What may be even more impressive than appearance is the way these salads adapt to what you already have in the pantry and refrigerator. Canned white or garbanzo beans, tuna and smoked salmon; leftover grilled chicken or steak and the vegetables from a big Sunday dinner. All you need is some sturdy greens, a good dressing and a few condiments, and you’re in business.

Since these salads are served at room temperature, it’s best to use meat that is fairly lean. So remove the skin from the chicken. Or if you’re using beef, flank steak is a good choice. Lately, with more and more groceries stocking meat cut as it is in Mexico, you can also find very thinly sliced sheets of skirt steak—the kind that’s usually used for carne asada.

Through the summer, try to keep at least one head of watercress, frisée, radicchio or curly endive in the crisper. These greens have the strength—in both structure and flavor—to match up to almost anything you can throw in the bowl.

Make sure the meat and all the vegetables are cut into bite-size pieces, preferably of a similar size. These salads are about balanced combinations of flavors; don’t let any one ingredient dominate.

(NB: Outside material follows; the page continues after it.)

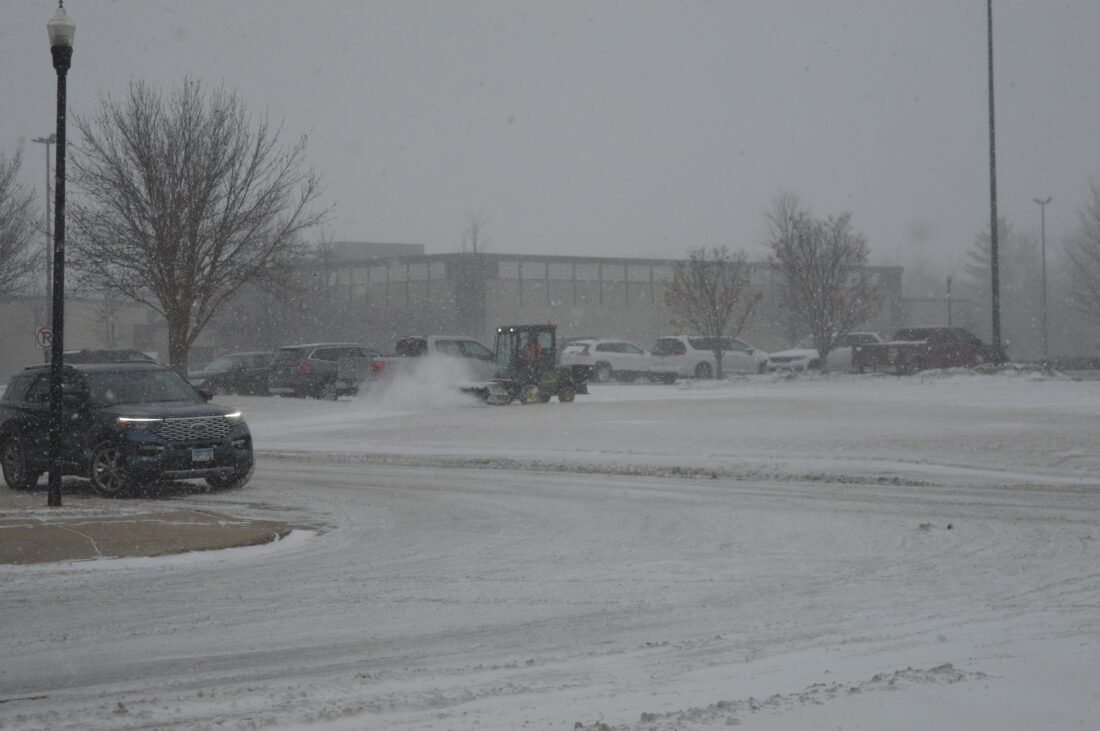 Snowflakes were flying fast, as a worker cleared sidewalks near the Schwan’s offices and the Marshall Area YMCA on Wednesday afternoon. While blizzard conditions are forecast to die down today, a dangerous cold snap will also move in, the National Weather Service said.

The dressing is the unifying factor in a composed salad. For lighter combinations, such as tuna and garbanzo beans, a simple mixture of olive oil and lemon juice is all that’s needed to point up the flavors. As the ingredients get heavier and bolder, so should the dressing. Adding a little Dijon mustard and some minced shallots to that vinaigrette will make a nice accompaniment to a salad made with grilled beef. Flavored mayonnaise is always good. Start with either homemade or a good commercial brand (Best Foods, sold as Hellmann’s on the East Coast, is the perennial first choice). Then add minced herbs, pureed roasted peppers or whatever else strikes your fancy. Even the best of the prepared mayonnaises will benefit from the addition of a little acidity: lemon juice or a vinegar of some sort.

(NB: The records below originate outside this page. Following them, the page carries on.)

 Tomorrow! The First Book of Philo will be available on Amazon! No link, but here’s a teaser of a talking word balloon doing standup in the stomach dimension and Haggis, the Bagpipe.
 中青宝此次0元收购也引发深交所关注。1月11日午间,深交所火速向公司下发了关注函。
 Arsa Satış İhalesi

Whichever dressing you choose, use just enough to season the salad and give it cohesiveness, but don’t overdo it. When you taste the salad, the main flavor should be the ingredients, not the dressing. And a good salad should never be gloppy. A rule of thumb is to add half the dressing and toss well, then add the rest a tablespoon at a time. Remember, you can always pass more dressing at the table.

Also remember that if you’re using starchy ingredients—beans, rice or potatoes, for example—they’ll absorb the flavors better if you mix them with a little bit of dressing while they’re still hot.